Engineers are also highly sought after in Luxembourg, while the number of available candidates remains insufficient. There is a significant gap between supply and demand. The industrial sector is likewise experiencing a shortage of technical profiles. Indeed, few young people are currently training for skilled manual professions. More generally, there are not enough technicians and specialised workers to meet the country’s needs.
The financial sector is also facing a shortage of qualified professionals in risk management, KYC (Know Your Customer) and compliance. These areas require highly specific regulatory expertise, which too few people possess compared with the needs of Luxembourg’s many financial companies.
Finally, at the beginning of the year, ADEM (National Employment Agency) published its list of professions experiencing severe shortages. This helps identify the specific occupations with the highest number of vacancies compared with the very limited number of available candidates.
Sectors experiencing a slowdown
The IT sector is in a rather particular situation.
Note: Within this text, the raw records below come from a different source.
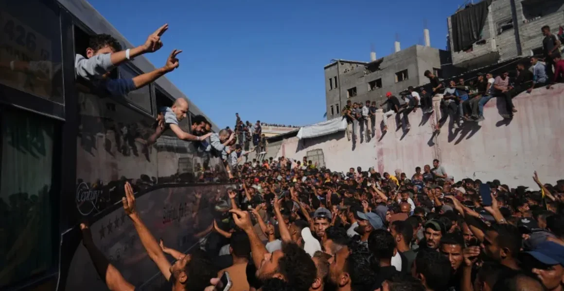 El convoy de liberación incluía alrededor de 40 autobuses que se desplazaron lentamente entre multitudes que recibían a los liberados en el complejo médico Nasser, en el sur de Gaza. Decenas de hombres armados dispararon al aire en señal de celebración y varios detenidos saludaban desde las ventanas o subidos a los techos de los autobuses mostrando banderas palestinas.
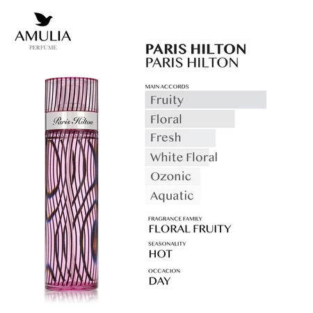 Paris Hilton oleh Paris Hilton adalah parfum wanita bergaya Floral Fruity yang diluncurkan pada tahun 2005, dan menjadi parfum pertama yang membawa namanya. Diciptakan oleh Steve DeMercado dan James Krivda, parfum ini mencerminkan kepribadian Paris yang glamor, berani, dan penuh pesona. Aromanya dimulai dengan top notes segar dan menggoda dari melon, apple, dan peach. Di bagian tengah, middle notes menyuguhkan paduan bunga yang kaya dan feminin seperti freesia, mimosa, jasmine, lily-of-the-valley, lily, dan tuberose. Aroma ditutup dengan base notes hangat dan lembut dari musk, ylang-ylang, sandalwood, dan oakmoss.
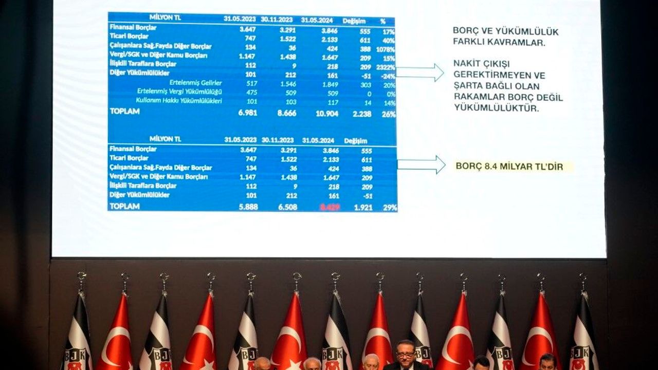 Beşiktaş Kulübü’nün Olağan İdari ve Mali Genel Kurul Toplantısı, İstanbul Kongre Merkezi Harbiye Oditoryumu’nda devam ediyor. Beşiktaş Kulübü Genel Sekreteri Kaan Şakul, divan üyelerine mali konularda bilgi verdi. Şakul, siyah-beyazlı kulübün borcunun 31 Mayıs 2024 itibariyle 8 milyar 429 milyon TL olduğunu açıkladı.
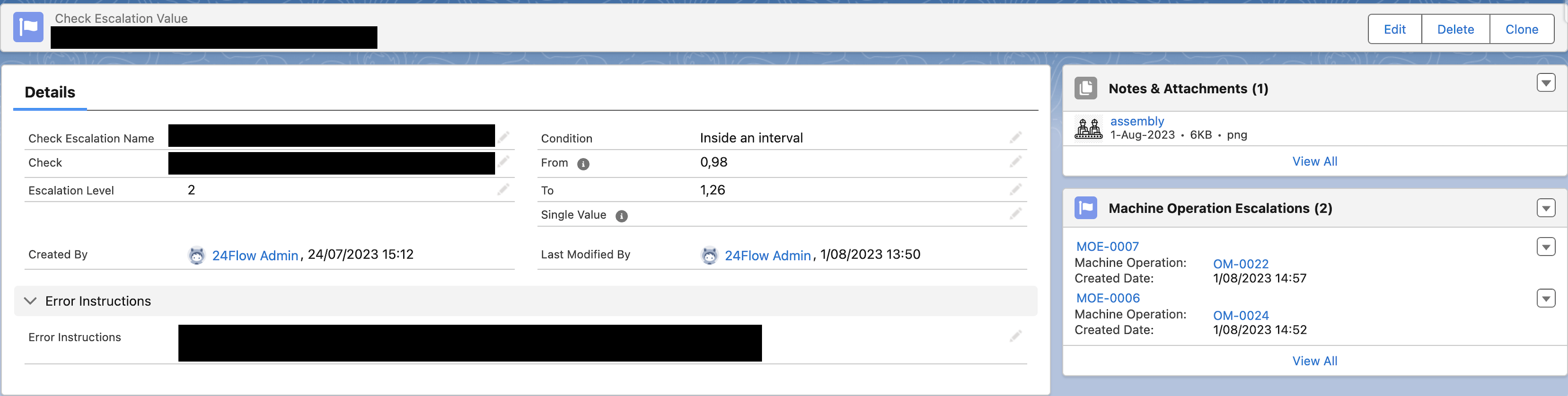 An example of a check with multiple Check Escalation Values. Each Check Escalation Value can, for example, be a certain escalation level. In this use case, each escalation level triggers a certain Flow logic.
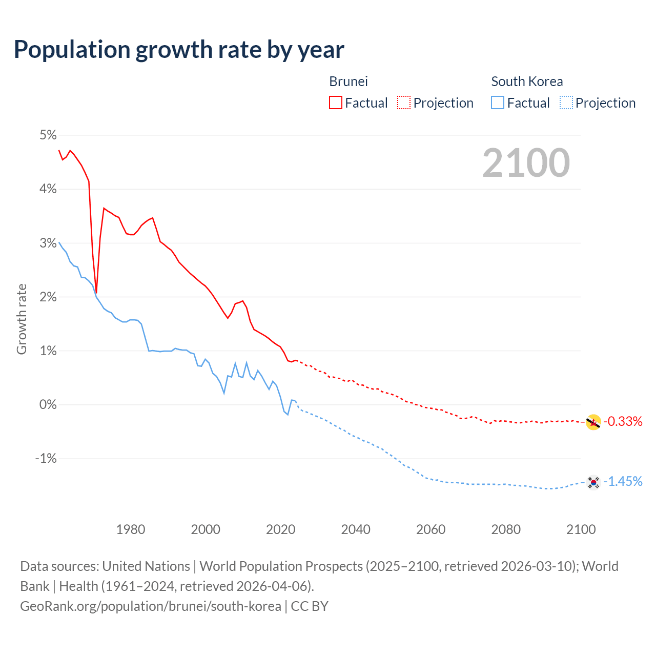 - For the last 10 years, Brunei has had an average growth rate of +1.08% per year vs +0.24% in South Korea.
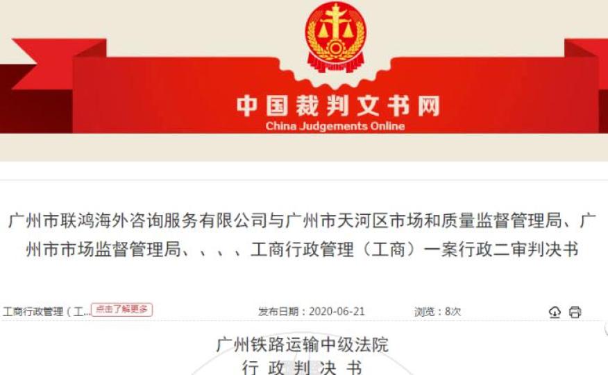 上诉人广州市某海外咨询服务有限公司因诉被上诉人广州市某区市场监督管理局、广州市市场监督管理局行政处罚决定及行政复议决定一案,不服广州铁路运输法院行政判决,向本院提起上诉。本院依法组成合议庭,对本案进行了审理,现已审理终结。
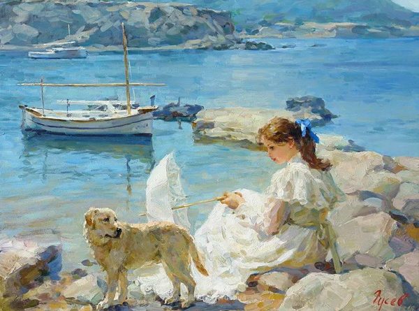 弗拉基米尔·古谢夫的创作范围很广,他成功地创作了风景画、肖像、静物画和风俗画等。他的画总是充满诗意,乐观向上,整体艺术充满了轻盈和轻松的感觉。弗拉基米尔·在法国生活和工作了一段时间,这使他的画作引入了雷诺阿的浅色系。
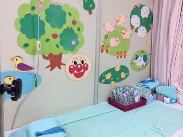 (坂総合病院 小児科の点滴台。こんなに可愛くしても怖いものは怖いのだ。)
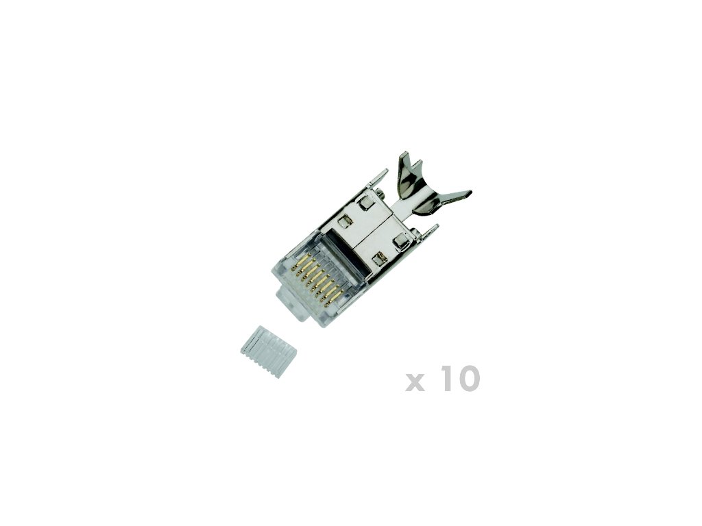 STP stíněný konektor RJ45 (8p8c) pro zakončení kabelů strukturované kabeláže typu drát.Balení obsahuje 10 ks.
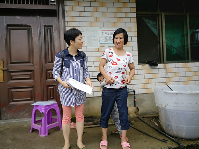 邵瑛(中)詢問幫扶戶家庭情況
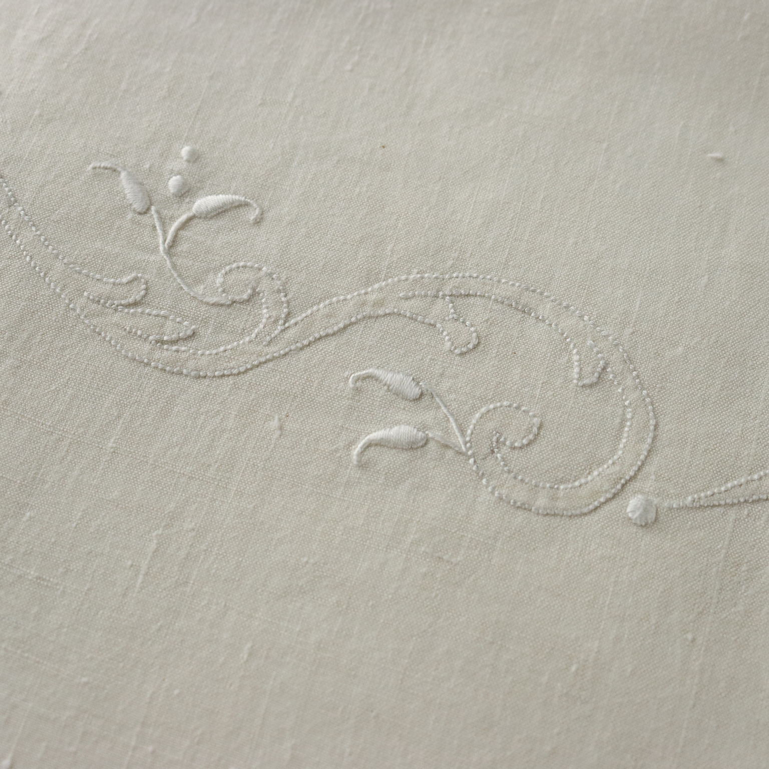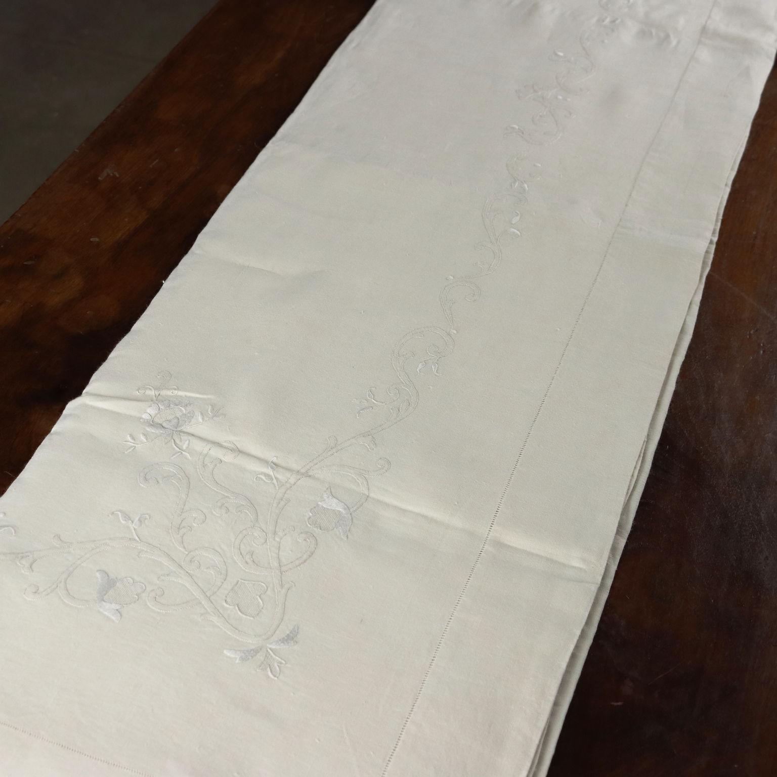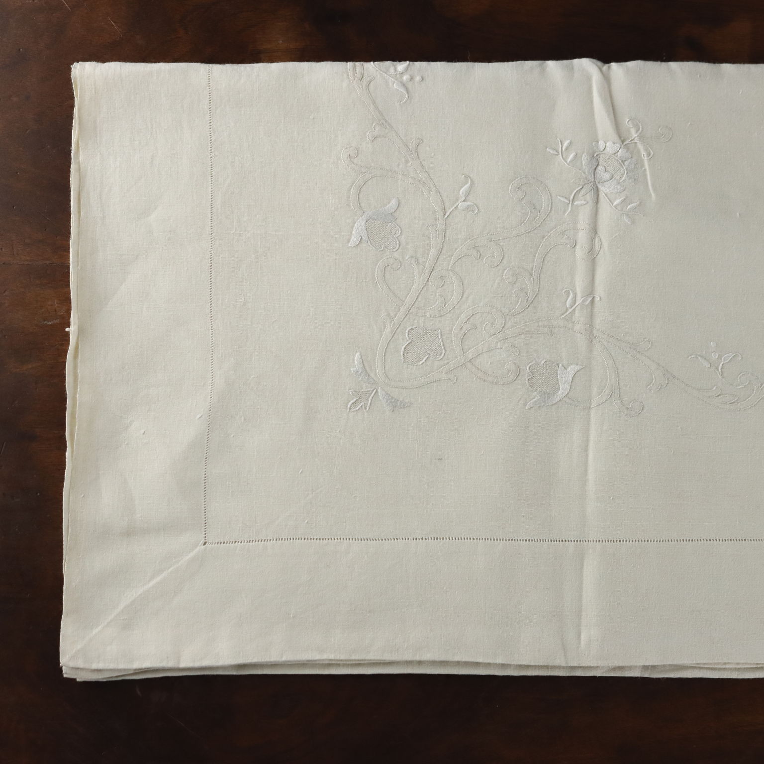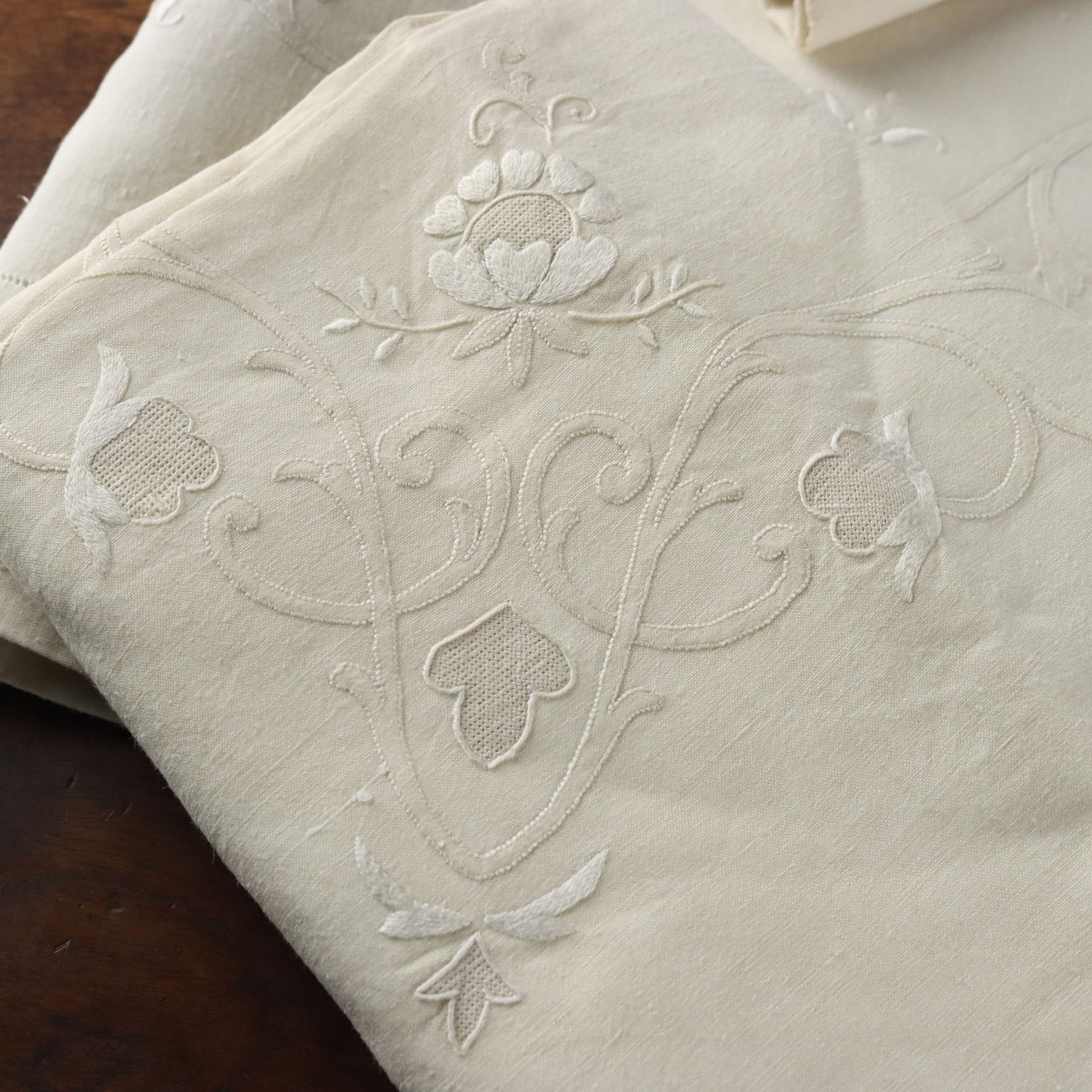 Completo matrimoniale con due federe Elegante e molto raffinata la rovescina ricamata a mano in punto ombra e punto rodi il tutto a tema floreale Le due federe si chiudono con allacciatura a bottoni tipica del periodo Colore avorio Composizione lino Dimensioni Lenzuolo cm 266 x cm 230 Federe cm 84 x cm 46

Although there is a shortage of qualified profiles, the number of vacancies has fallen sharply. According to STATEC, there were 1,694 vacancies in 2022, compared with only 454 in December 2025. Several factors may explain this situation.
On the one hand, some companies are choosing to relocate their IT services abroad, where labour costs are lower.
On the other hand, the conflict between the United States and Iran, and therefore the increase in fuel prices, has led to reduced budgets, pushing companies to cut teams and limit project development.
The rise of AI is also increasing tensions within the IT sector, particularly among developers, as certain tasks can now be completed more quickly with the help of artificial intelligence. Companies are therefore recruiting fewer software developers and focusing more on experienced profiles, making the situation especially difficult for junior candidates.
Industry has also experienced a slowdown in recent years, but is expecting a rebound in the coming years. Indeed, the Fedil (Federation of Luxembourg Industrialists) announced that Luxembourg industrial companies are expected to recruit 3,027 professionals over the next two years. This figure comes from the federation’s biennial survey of companies across the country. It represents an increase of more than 50% compared with the previous survey, which forecast only 1,970 recruitments over two years in 2024. Recruitment intentions have therefore risen significantly, although it remains to be seen whether they will materialise over the next two years.
Saturated sectors
According to STATEC in March 2026, the sectors with the highest number of jobseekers were secretarial/administrative roles, accounting and IT. The situation has reversed for these sectors, which were once among the most attractive in Luxembourg. The number of jobseekers is increasing, while job openings are becoming scarce.
The marketing and communications sector is also facing a situation where there are more jobseekers than vacancies. This is a particularly attractive field for Gen Z, which is often drawn to creative and digitally oriented careers. The number of young candidates with limited experience is increasing within the sector, making it progressively more difficult to secure employment.